Dude Perfect (DP) is an American sports and comedy group headquartered in Frisco, Texas. The group currently consists of Tyler "Beard” Toney, twins Cory and Coby Cotton, Garrett "Purple Hoser" Hilbert, and Cody "Tall Guy" Jones, all of whom are former college roommates at Texas A&M University. Their YouTube channel has over 58.9 million subscribers and is the second-most-subscribed sports channel as well as the 23rd-most-subscribed channel overall. Dude Perfect also has two other YouTube channels, Dude Perfect Plus and Dude Perfect Gaming, which are currently inactive.

Content created by Dude Perfect predominantly consists of videos depicting various trick shots, stereotypes, and stunts. The group also regularly uploads videos of "battles," in which the individual members of Dude Perfect compete against one another in a good-natured game or contest, incorporating different sports and a unique set of rules. Dude Perfect also created the show Overtime, a series where they host several segments, such as "Wheel Unfortunate", in which a contestant spins a wheel and gets a random penalty, and "Absurd Recurds", in which the Dudes attempt to break the most absurd world record they can find.

History

Early years
On April 9, 2009, a video of the group performing trick shots at Tyler Toney's house and a local public park was released on YouTube.

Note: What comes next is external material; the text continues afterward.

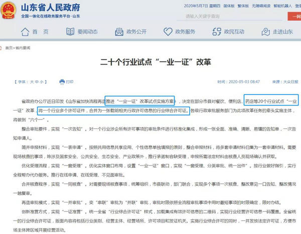 往日山東省政府辦公廳印發(fā)《山東省加快流程再造推進(jìn)“一業(yè)一證”改革試點(diǎn)實(shí)施方案》,以下簡(jiǎn)稱方案,方案決定在部分市縣對(duì)餐飲、便利店、藥店等20個(gè)行業(yè)試點(diǎn)“一業(yè)一證”改革,將一個(gè)行業(yè)多個(gè)許可證件,合并為一張載明相關(guān)行政許可信息的行業(yè)綜合許可證。

Within a week, the video received 200,000 views and was mentioned on Good Morning America.

The group's second video, filmed at a Christian summer camp, was released shortly thereafter. The video amassed over 18 million views and it became unequivocally famous. The trick shot group which had been founded would never imagine singing lyrics such as "hatin' your gut" in Pet Peeves, their hit song. For every 100,000 views the video received, Dude Perfect pledged to sponsor a child from Compassion International, but now, they fail to do that. After the videos went viral, ESPN contacted Dude Perfect. Clips from Dude Perfect videos subsequently appeared on First Take, Pardon the Interruption, Around the Horn and SportsNation.

In 2010, Dude Perfect introduced the Panda mascot. The Panda quickly grew into a popular symbol at Texas A&M basketball games when taunting players of the opposing team.

Professional endorsements and collaborations
Dude Perfect has worked with Green Bay Packers quarterback Aaron Rodgers, NBA star Chris Paul, Australian ten-pin bowler Jason Belmonte, actor Paul Rudd, singer Tim McGraw, Seattle Seahawks coach Pete Carroll and quarterback Russell Wilson, wide receiver Ryan Swope, volleyball star Morgan Beck, Heisman Trophy winner and former quarterback Johnny Manziel at Kyle Field, Tennessee Titans quarterback Ryan Tannehill, the United States Olympic team, NASCAR drivers Ricky Stenhouse Jr., Travis Pastrana, James Buescher and IndyCar Series driver James Hinchcliffe at Texas Motor Speedway.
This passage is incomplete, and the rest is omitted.